Local
Comings & Goings
Longtime Fox 5 anchor Will Thomas lands at Sotheby’s

The ‘Comings & Goings’ column chronicles important life changes of Blade readers.
The Comings and Goings column is about sharing the professional successes of our community. We want to recognize those landing new jobs, new clients for their business, joining boards of organizations and other achievements. Please share your successes with us at [email protected].

Sam McClure (Photo courtesy of McClure)
Congratulations to Sam McClure who is the new director at the LGBT Health Resource Center of Chase Brexton Health Care. The Center’s mission is to provide health information and resources to Baltimore’s LGBT community. Patrick Mutch, president and CEO said of McClure, “We were impressed by Sam’s dedication to the LGBT community, and her understanding of the current challenges its members face in accessing welcoming health care and other essential resources. We welcome her to the Chase Brexton team and know she will carry on the important work that our LGBT Health Resource Center does each day.”
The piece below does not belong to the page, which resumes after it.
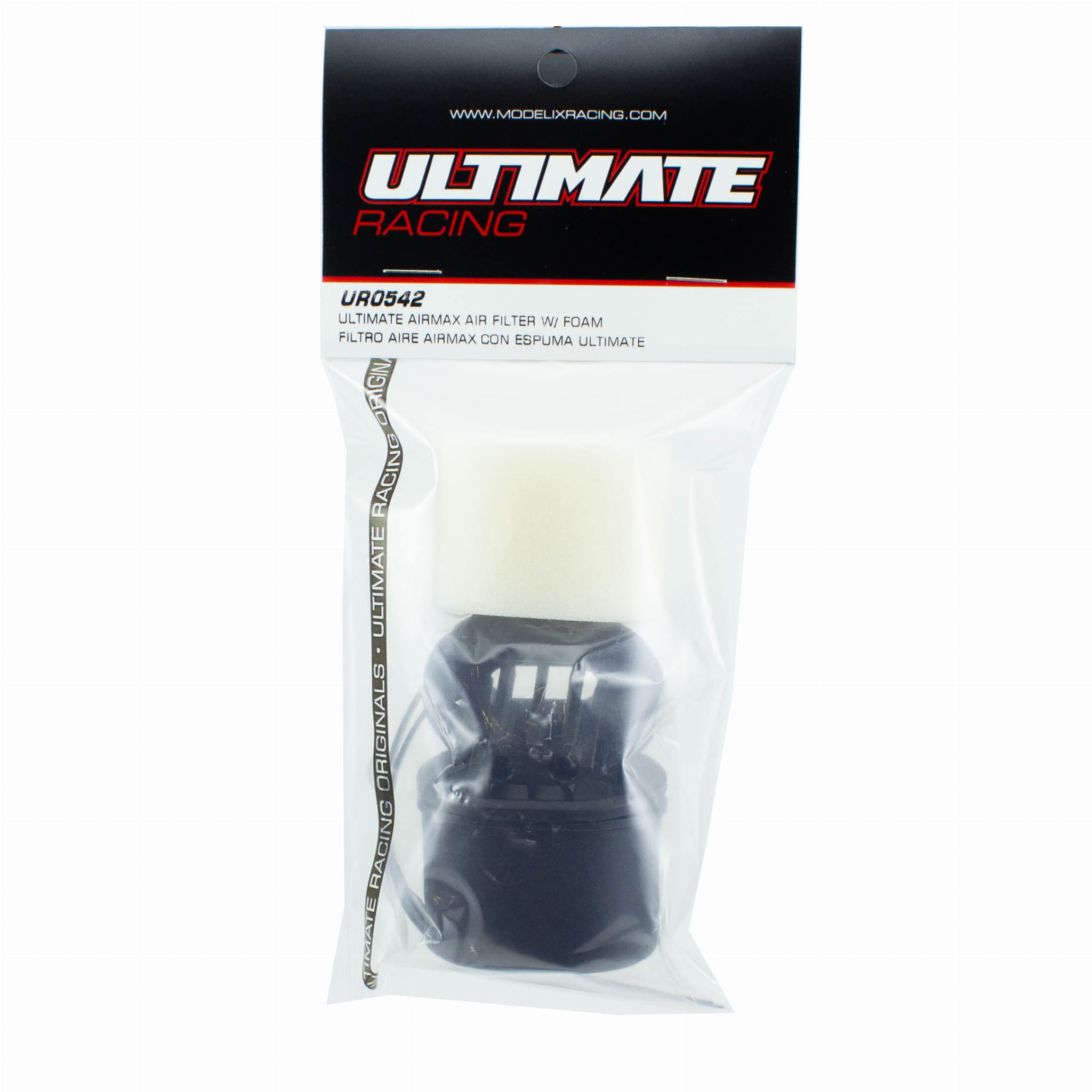 This is the AIRMAX Air Filter with 6 pre-oiled Filter Foams from Ultimate Racing. The AIRMAX concept is to achieve maximum airflow to the carburetor, while respecting the external dimensions of the filter to try to fit most of the 1/8 offroad cars and bodies. This is achieved by means of a short, large-diameter tapered rubber connector tube that accelerates airflow and an internal filter structure with a larger surface area, without compromising engine protection. The result is a noticeable increase in engine power and performance. The rubber connector tube is highly resistant to prevent unwanted damage. The filter is supplied with 6 pre-oiled single layer foams, and includes a filter cover with pre-marked holes that can be used on rainy days. Includes 2 adjustable plastic brakets to fit different cars. One is to fix it higher or lower. The other is to fix it closer or further horizontally. Both brackets have adjustable holes to give some leeway for easy adjustment. Includes 4 screws and 2 plastic ties for complete mounting of the filter and brackets.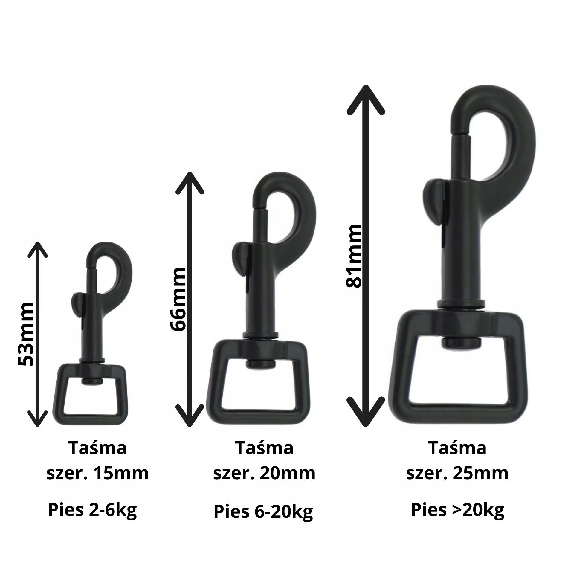 - Ширина: 15 мм, карабинер: 53 мм: для очень маленьких собак 2-6 кг , которые не требуют большой силы для контроля.

Upon taking her new job McClure said, “Wellness means more than access to medical treatment when it’s needed. It’s also about individuals having the ability to live well and sustain themselves and their families. LGBTQ people can face barriers when trying to do this and some of them are multiplied and magnified by a shortage of informed and affirming health care providers. Chase Brexton’s LGBT Health Resource Center is leading from this intersection of needs. I’m looking forward to leading the center’s efforts to improve healthcare access and outcomes for all LGBTQ people.” Among her first priorities will be meeting local LGBTQ community leaders in Baltimore and building on the center’s existing relationships and partnerships.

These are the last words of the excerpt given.